The "Kree–Skrull War" is notable for its cosmic scope of interstellar warfare, enormous cast of characters, use of metaphor and allegory (for instance, to Joseph McCarthy and HUAC and the Arab–Israeli War), and the introduction of the Vision–Scarlet Witch romance, which became an ongoing theme for the characters (and the Avengers) for years to come. The "Kree–Skrull War" is considered by critics to be a highlight of its era, and is the culmination of a string of notable Thomas–Adams collaborations from this period, which began with their run on X-Men in 1969.

== Publication history ==
Writer Thomas admits he had no "master plan" in writing the storyline other than that the two "rapacious, galaxy-spanning races ... would be at war in the far reaches of space, and that their conflict would be threatening to spill over onto the Earth, turning our planet into the cosmic equivalent of some Pacific island during World War II". In this regard, Thomas was inspired by Raymond F. Jones' 1952 novel This Island Earth.

In 2000, almost thirty years after the "Kree–Skrull War"'s original publication, Marvel produced a trade paperback collection of the entire story arc.

As part of 2020's Empyre event, a prelude one-shot called Road to Empyre: The Kree/Skrull War #1 details the origins of the millennia longstanding conflict between the two species.

==Plot==
The Kree hero Captain Marvel, arriving on Earth after an extended stay in the Negative Zone, is captured by several members of the superhero team the Avengers — Quicksilver, the Scarlet Witch, and the android hero the Vision — and Rick Jones. It is later revealed that he conceived a child with the Skrull princess Anelle during this period of time. This is necessary, as Mar-Vell has inadvertently absorbed a lethal amount of radiation from spending weeks in the Negative Zone, and it will prove fatal unless treated. With the aid of a scientist, Vision drains the excess radiation from Mar-Vell.

A flashback sequence explains that the Avengers detected an alarm from the Baxter Building, the headquarters of the Fantastic Four. They arrived at the building and found Mar-Vell using a portal to the Negative Zone in an attempt to free Rick.
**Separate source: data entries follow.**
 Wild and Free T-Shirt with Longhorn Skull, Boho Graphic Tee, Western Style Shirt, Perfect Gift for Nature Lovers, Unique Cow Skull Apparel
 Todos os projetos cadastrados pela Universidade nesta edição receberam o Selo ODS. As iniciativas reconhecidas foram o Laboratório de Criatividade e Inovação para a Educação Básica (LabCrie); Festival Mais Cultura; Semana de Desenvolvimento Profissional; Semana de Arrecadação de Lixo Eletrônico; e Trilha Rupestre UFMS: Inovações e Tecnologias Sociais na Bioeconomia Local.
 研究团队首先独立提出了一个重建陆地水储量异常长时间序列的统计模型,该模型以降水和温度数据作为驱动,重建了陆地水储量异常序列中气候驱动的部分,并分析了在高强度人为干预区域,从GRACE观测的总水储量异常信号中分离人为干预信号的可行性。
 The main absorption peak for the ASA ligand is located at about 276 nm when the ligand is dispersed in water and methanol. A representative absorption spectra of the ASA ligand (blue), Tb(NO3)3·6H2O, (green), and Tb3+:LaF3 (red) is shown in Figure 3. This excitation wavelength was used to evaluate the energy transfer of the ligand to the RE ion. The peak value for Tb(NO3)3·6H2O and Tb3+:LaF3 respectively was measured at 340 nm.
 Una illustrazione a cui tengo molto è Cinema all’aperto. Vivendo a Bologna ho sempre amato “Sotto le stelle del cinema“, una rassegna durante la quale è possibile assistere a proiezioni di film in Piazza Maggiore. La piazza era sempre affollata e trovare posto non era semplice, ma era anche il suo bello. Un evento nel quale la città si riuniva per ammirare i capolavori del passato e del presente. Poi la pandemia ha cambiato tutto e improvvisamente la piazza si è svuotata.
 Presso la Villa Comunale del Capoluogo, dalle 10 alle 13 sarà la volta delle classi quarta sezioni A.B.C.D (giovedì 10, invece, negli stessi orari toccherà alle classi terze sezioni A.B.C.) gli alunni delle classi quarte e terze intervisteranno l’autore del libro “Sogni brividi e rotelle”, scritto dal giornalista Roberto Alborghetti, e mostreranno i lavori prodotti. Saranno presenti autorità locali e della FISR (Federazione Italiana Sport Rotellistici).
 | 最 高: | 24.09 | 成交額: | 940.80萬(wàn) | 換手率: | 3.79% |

Annihilus attempted to escape the Negative Zone, with Mar-Vell escaping in the ensuing chaos. The flashback ends and the group are then attacked by a Kree Sentry who captures Mar-Vell and escapes. The Avengers are questioned by Mar-Vell's former colleague, Carol Danvers.
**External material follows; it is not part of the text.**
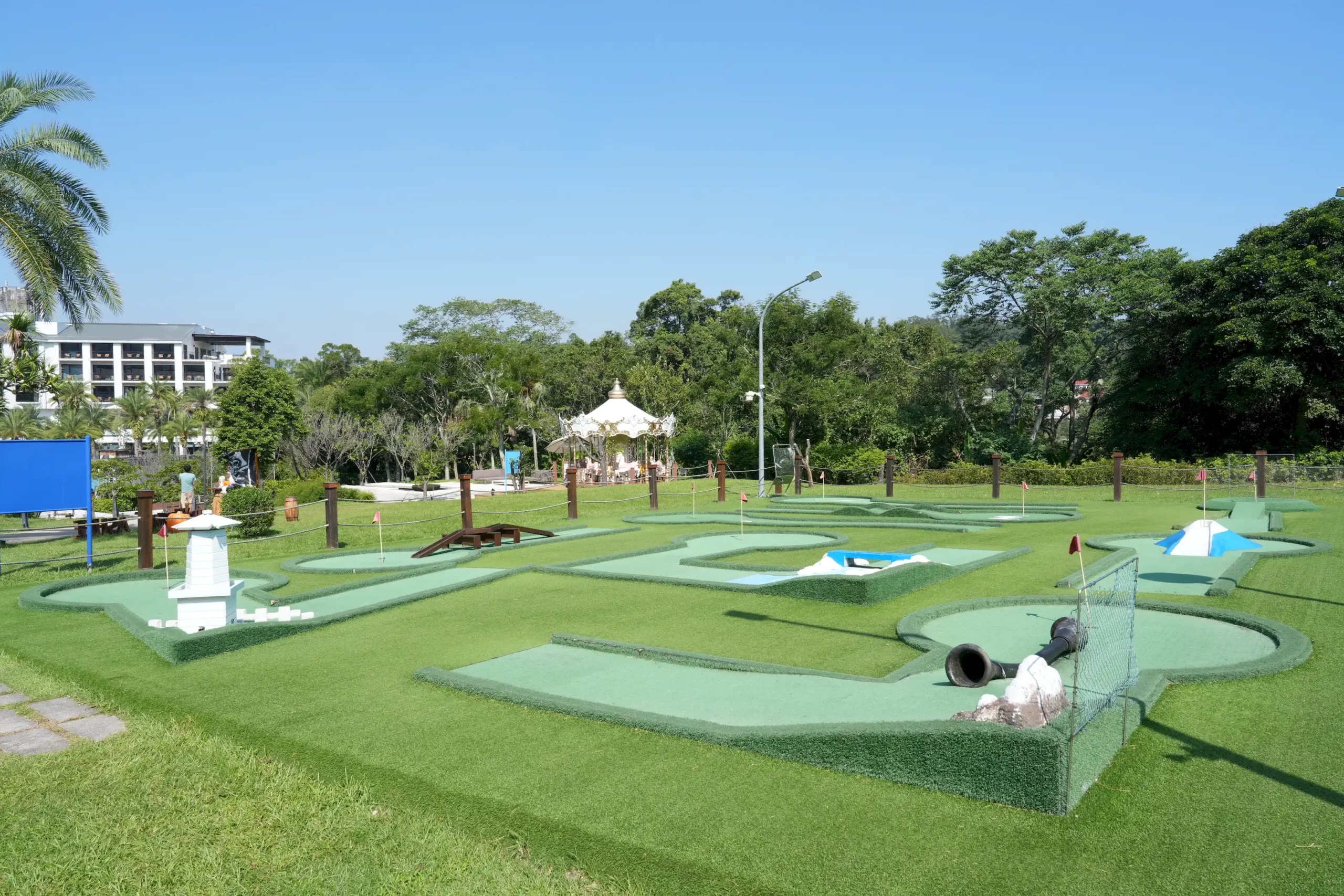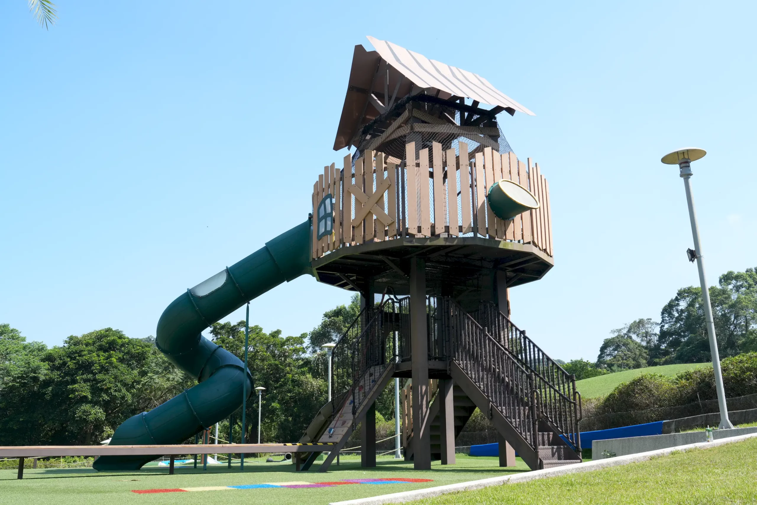 ▼再往上的區域,有適合小朋友的「迷你高爾夫」和「樹屋溜滑梯」,兩者的場地都相當寬敞,鋪設的人工草皮也很有彈性,很適合親子一同玩樂。

The Avengers respond to a call from fellow member Goliath, who advises that he is answering a distress call from Avenger Janet Pym, also known as the Wasp. With husband and fellow member Hank Pym, the pair were en route via ship to a research base in the Arctic Circle, there to study the effect of oil exploration on the environment. The pair apparently found a lush island, and investigate as the Wasp and Yellowjacket. Yellowjacket guesses the truth and pushes Wasp away before reaching the island. When he disappears, the Wasp in turn summons Goliath.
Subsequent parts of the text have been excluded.